Aslında gündemdeki en önemli konulardan biri GDO. sadece genetiği değiştirilmiş ürünler deyip geçmemek gerekiyor. Bu ürünler dünyada ilk kez 1994 yılında piyasa sürülüyor ve ticaretine başlanıyor. ve geçtiğimiz günlerde çıkarılan yönetmelikle bu ürünlerin Türkiye'de ticareti yasallaştırıldı.
Egemenlerin tarımda hakimiyet kurmasının en kolay yolu çiftçinin ektiği tohumlara el koymasıdır. Çünkü, bir çiftçinin tohumu varsa o çiftçi bir kesime bağlı kalmadam kendi gübresini ve toprağını kullanarak üretimini gerçekleştirebilir. İşte bu yüzdendir ki egemenler yıllardır uğraşır fındık,tütün,mısır vb. üretimleriyle geçinen çiftçilerle.

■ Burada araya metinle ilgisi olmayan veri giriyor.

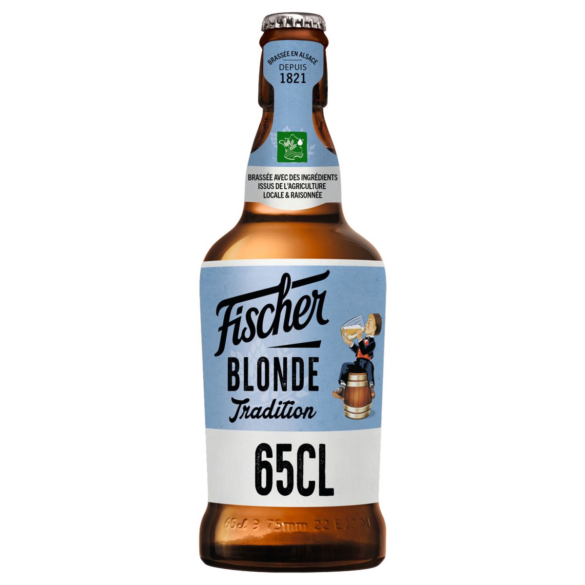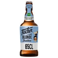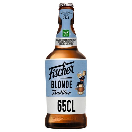 Bouteille 65 cl. 6 % volume d'alcool. De fermentation basse, type pils, Fischer ® Tradition est brassée avec du malt d'orge et des houblons d'Alsace. Cette bière blonde se distingue par son goût intense de céréales mûres et sa douce amertume.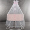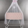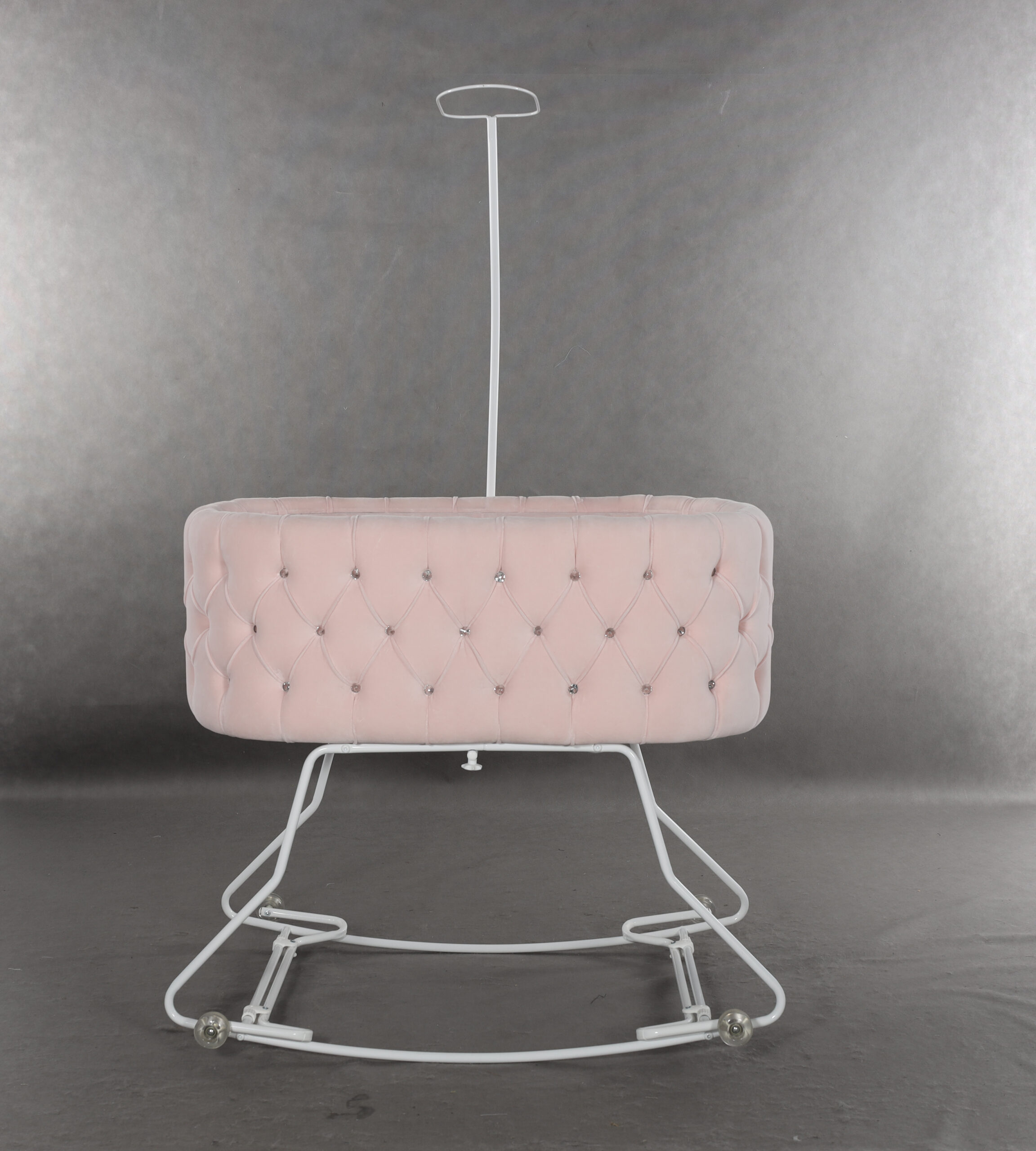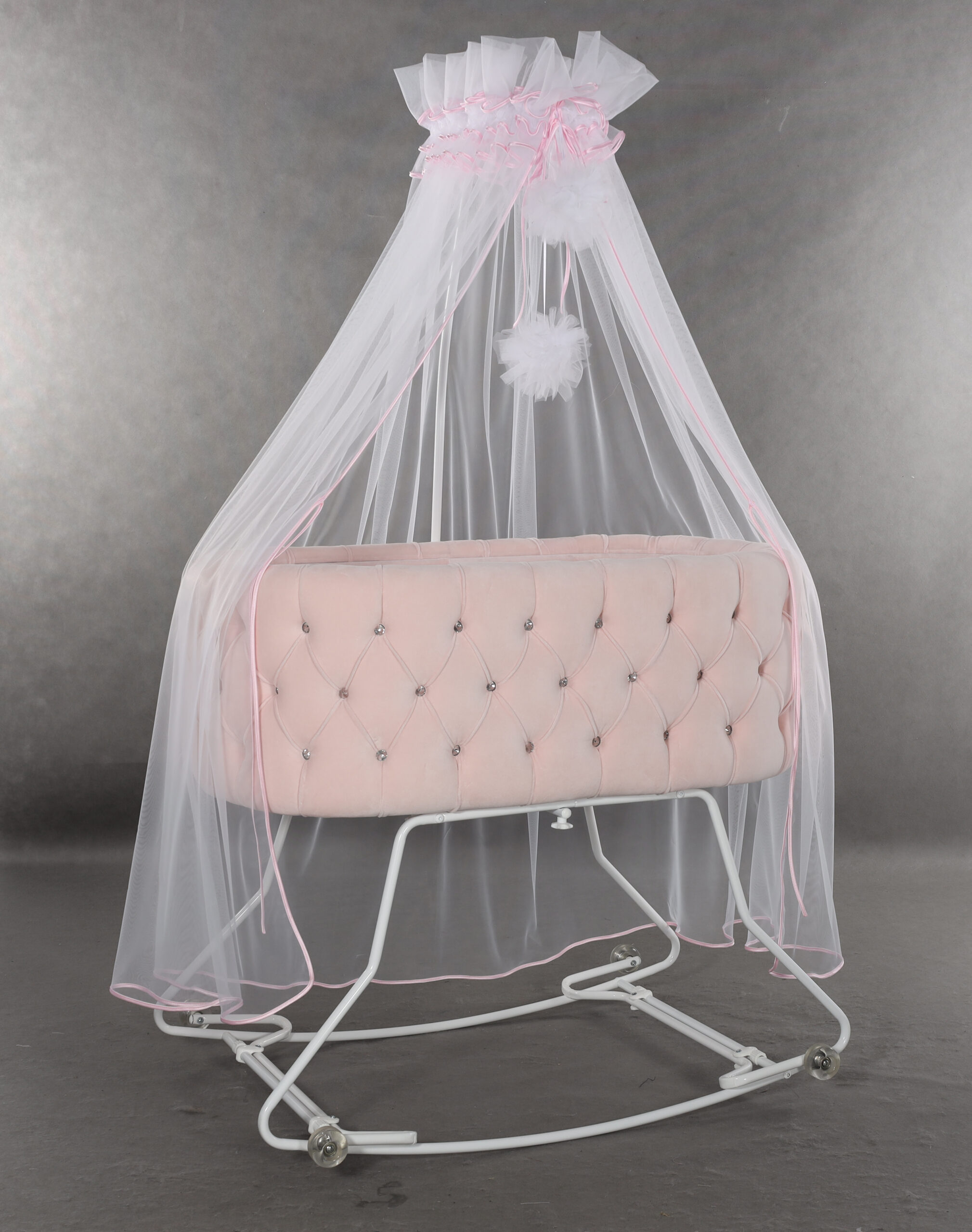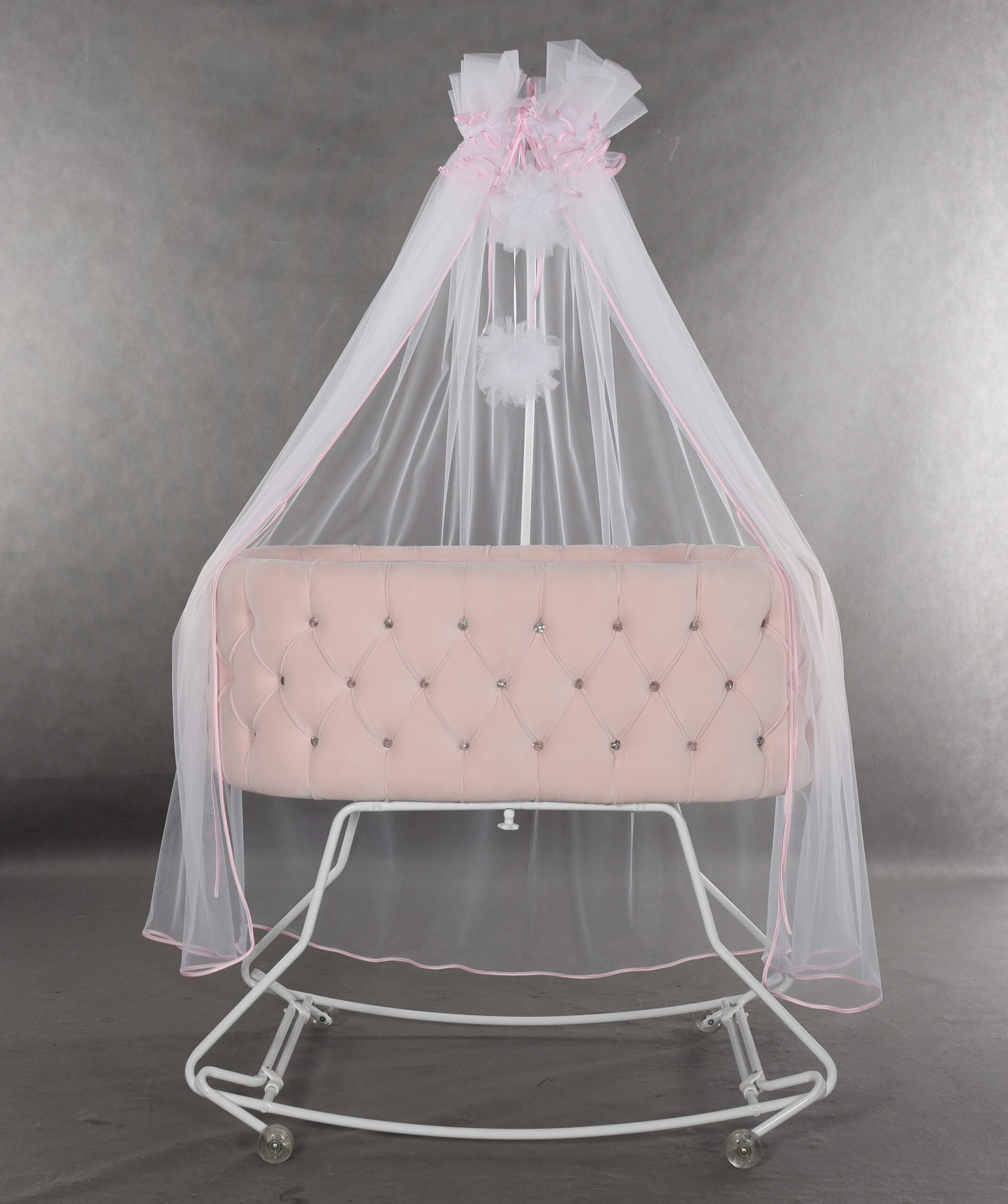 - El diseño de la cuna es refinado y tiene una ligera función de balanceo. La cuna irradia lujo y belleza debido al patrón oro con un elegante crossover.

Genetiği değiştirilmiş organizmalarda ilk göze çarpan şey, tohumların sadece tek sefer ürün vermesidir. Tohumların genetikleriyle oynanarak ekildikten sonra üretilen bitkinin tohumları bulunmamaktadır.(Çekirdeksiz karpuz, çekirdeksiz üzüm vb.) Daha sonra sermaye grupları, ürettikleri bu genetiği değiştirilmiş tohumların ticaretini yaparak yeni bir pazar kurmuş oluyorlar. Ayrıca bitkinin genlerinin yanına başka bir bitginin genlerinin yerleşmesiyle beraber, bu tohumların ilaçları ve gübreleride pazara açılmış oluyor. Türkiye'den de geçen günlerde 'Gıda ve Yem Amaçlı Genetik Yapısı Değiştirilmiş Organizmalar ve Ürünlerinin İthalatı, İşlenmesi, İhracatı, Kontrol ve Denetimine Dair Yönetmelik' in çıkartılmasıyla beraber bütün bunlar yasallaştırılmış oldu. Pazarlardan aldığımız meyvelerin ve sebzelerin GDO'lu olup olmadğını anlayamayacağız. Ve şunu da söylemek istiyorum. GDO'lu ürünleri yasallaştırma aşamasında meşrulaştırmak için söyledikleri; 3. Dünya Ülkeleri dedikleri ülkelerdeki yoksulluğun önlenmesi ve ucuz ürünlerin bu bölgelere de ulaşmasının gerekliliği ve bunun GDO yasa tasarısının gerçekleştirilmesiyle olabileceğidir.